Describe one of your favorite moments.
We are here at our holiday cottage, and yesterday all looked lovely, with blue skies and sunshine, with even Daisy snuffling around. The sim to see events at Borders Book Festival.


I had a few things lined up, had missed The Walter Scott Prize announcement. My first event I had a few doubts about, for though I love Nan Shepherd’s The Living Mountain and have blogged briefly on the brilliant life by Charlotte Peacock of her but I couldn’t quite get excited about the description of the event, based on Kerri Andrews lovely book Wanderers and a play about Shepherd currently running at Pitlochry. I would love to see that play but could not imagine this event being as it appeared based on talking heads about any number of things; women who walked in nature or cities and wrote about it, and a play I hadn’t seen or read. i was alone in my doubts. so many had booked for the event, it had been transferred to a larger marquee and that was packed to the gills.

This was a superb event, with slides of Nan, an audio excerpt from the play, readings from Nan’s published ad unpublished, even a chance to see her characteristic handwriting for Kerri Andrews had recently published her correspondence, and even more recently in the touring of the play found more letters (an ‘editors nightmare’). Andrews’ point about Nan was that she wrote about nature not as a competition between it and observers, mainly male, who write about conquering or overcoming its challenges (about themselves that is) but about participation with nature and walks, even partial ones, INTO it, the interiority being the key. My knowledge of Shepherd came via Jenni Fagan’s advocacy of the work of Jessie Kesson, and I asked about that. For Kesson met a ‘Lady’, a ‘lady’ (compared to a working class woman – a ‘wifey’, being for her a class term in a railway carriage on the way to a walk. My question was about ‘walking’ in Kesson’s novels which was so different from that in Shepherd, being not based on the privileges of class status (see Charlotte Peacock on this at this link). It was a fine event.
Nut I jump ahead in my story of the evening in which the beautiful country town that is Melrose shone, even in scudding showers, It is a town blessed by a hill in the prospect up its main street.

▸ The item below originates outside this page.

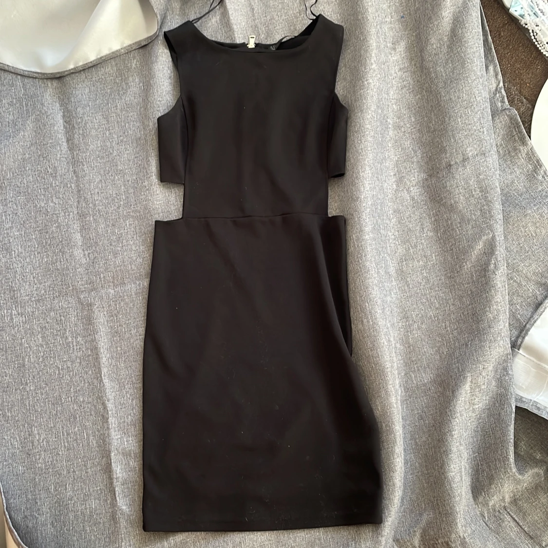 En svart klänning med dragkedja på baksidan och lite öppet på sidorna från bubbleroom:)

The weather had changed and in the Harmony Gardens, looking for my Shepherd event, the sky was blue and the sun in a mild breeze was a blessing. Melrose Abbey shone in the background.

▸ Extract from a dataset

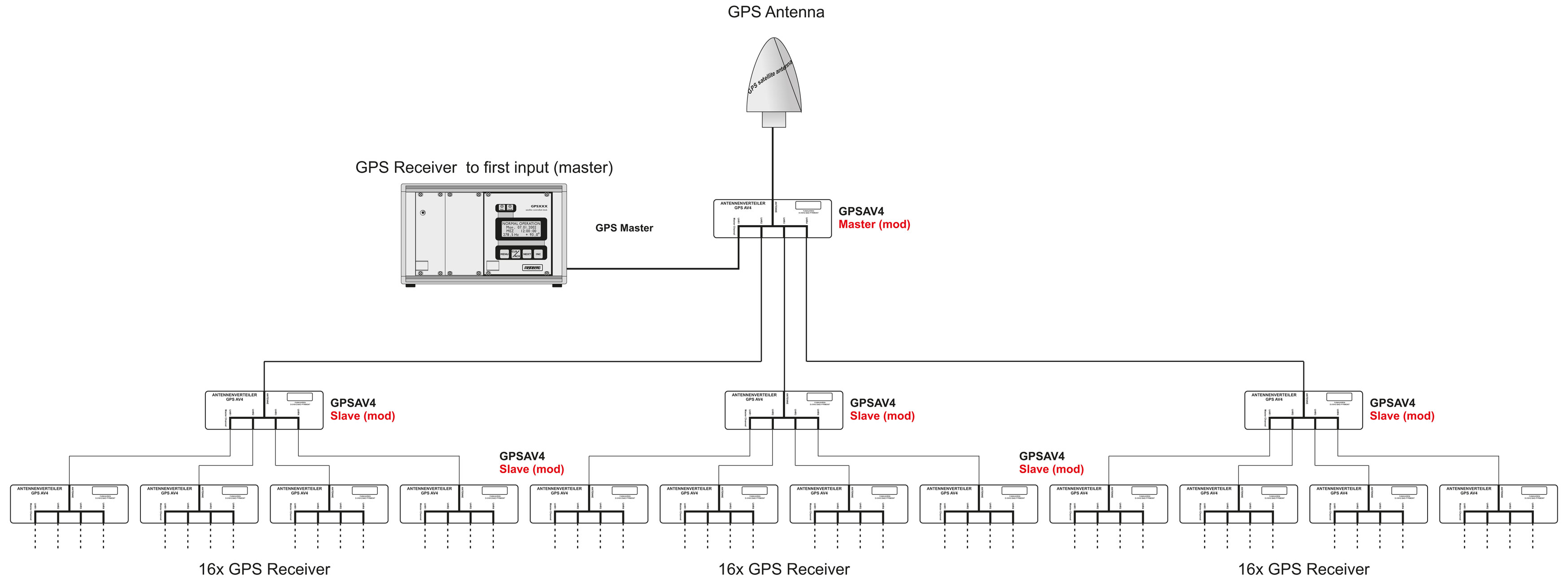 To implement the cascade, the variants GPSAV4/Master and GPSAV4/Slave must be used. The "Master" device is connected to the GPS antenna/converter unit, all other distributors have to be of type "Slave" (see Figure 3).

Because there was a big gap between the Shepherd event and the one I favoured, at 9 pm with Tan Twan Eng, I booked to see the gregarious James Naughtie who was speaking about his new BBC Radio venture Reflections, in which people of note in their own time but now retired from public life talked about things they could have done better. The best story he told was about Norman Fowler, the once Secretary of Health and Social services, in days when people saw them as linked, dealing with (or not I thought) the AIDS epidemic health campaign under Margaret Thatcher and what he learned of Thatcher’s divided nature and the perfidy with which she followed her divided lights. she agreed to a health campaign and then sought, without consultation wit her Secretary of State (then Fowler) to undermine it, scared by its apparent (to her) promotion of truths about sexual practice in the UK. He was an amusing gregarious speaker – and I noticed he attended Tan Twan Eng afterwards. This was most enjoyable but I have only a photograph of the empty stage before he mounted it.

At 9 p.m I went to an event I was looking forward to and enjoyed immensely. In the photograph Twan organised for me afterwards yo can see my rather pathetic enactment of Uriah Heep humility, a sure sign of how overwhelming the event as. He spoke of The House of Doors (see my blog thereon at this link) and opened few doors on purpose. Twan had asked not to read from the novel and could not be urged to do otherwise, though he refused beautifully: ‘Reading is private’. I asked him to elaborate on the ‘arcane glyph’ in the novel but was told my question was a spoiler (mea culpa) and also learned that the publishers of the paperback had forgotten to put on the glyph (the glyph is mentioned in the novel, as you will see in my blog, at significant moments). He also spoke of his oeuvre to date constituting a Malaysian project which ends at his next novel. I panicked. I lost my copy of his beautiful first novel and have not read yer, his second one). another project for me then (before or after reading Dante’s Divine Comedy I wonder – lol)

But I got my prize, A lovely dedication on my first edition. See below.

So a good day. Tomorrow Rory Bremner followed by Juano Diaz (my blog on latter at this link).